In a rare departure from inter-meeting data dependency, it appears as though the ECB has seen sufficient inflationary concerns to pre-announce its policy intentions for the March meeting. While euro area annual headline inflation has recently begun to abate from its October high, core inflation continues its ascent and remains at record highs (now 5.2%). The prior year’s surge in energy costs is still spreading throughout the economy, and other underlying inflation measures are also still high. Given core inflation’s persistence and pervasiveness, the euro area still needs additional tightening to bring inflation back towards the 2% target.

Eurozone inflation
Monetary Union Index of Consumer Prices, 2004–present

Line graph of the monetary index of consumer prices, from 2004 - Feb, 2023.
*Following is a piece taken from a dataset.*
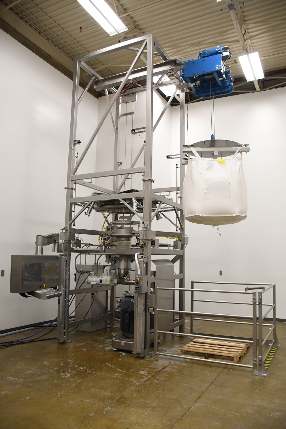 Das Hebezeug bietet einen schnellen und einfachen Andockvorgang, der über die HMI und SPS des Systems gesteuert wird. Eine integrierte Zugkraft-Wägezelle verhindert das unbeabsichtigte Anheben von übergewichtigen Säcken. Ultraschallsensoren kommunizieren mit dem Steuersystem, um die Schüttgutsäcke automatisch in die Andockstation zu heben und zu positionieren.

Eurostat, Bloomberg, Principal Asset Management. Data as of February 2, 2023.

Staying the course

The statement said the ECB Council “will stay the course in raising interest rates significantly at a steady pace and in keeping them at levels that are sufficiently restrictive...” While a March step-down has been ruled out for now, the market is currently pricing in a peak (deposit facility) terminal rate of over 3.25%. This incorporates the stated March 50 bps hike, plus another 25 bps in May, with the possibility that May could bring another 50 bps. By removing the possibility of a March step-down in the rate of hikes, the ECB has laid out its firmly hawkish stance and its commitment to “staying the course.”

In contrast to the ECB, the United States Federal Reserve has continued slowing the pace of its rate hikes, raising policy rates just 25 bps at its latest meeting. This has been a tailwind to the euro, which is up 14.5% since a late September low. This appreciation is contributing to tightening financial conditions in Europe, as well as dampening import inflation effects—both welcome developments for the ECB to achieve its inflation goals

As future rate hikes have already been affirmed, the ECB has removed any doubt of its commitment to the price stability mandate. Economic uncertainty remains abound for the region, and policymakers must surmount a complex balancing act between weak growth, persistent inflation and external international shocks. While the 4Q22 risk of recession appears to have been avoided, downside growth risks remain. If the current economic slowdown does later result in recession, this could impede the ECB in arresting its hiking cycle before it has effectively seen inflation return to target.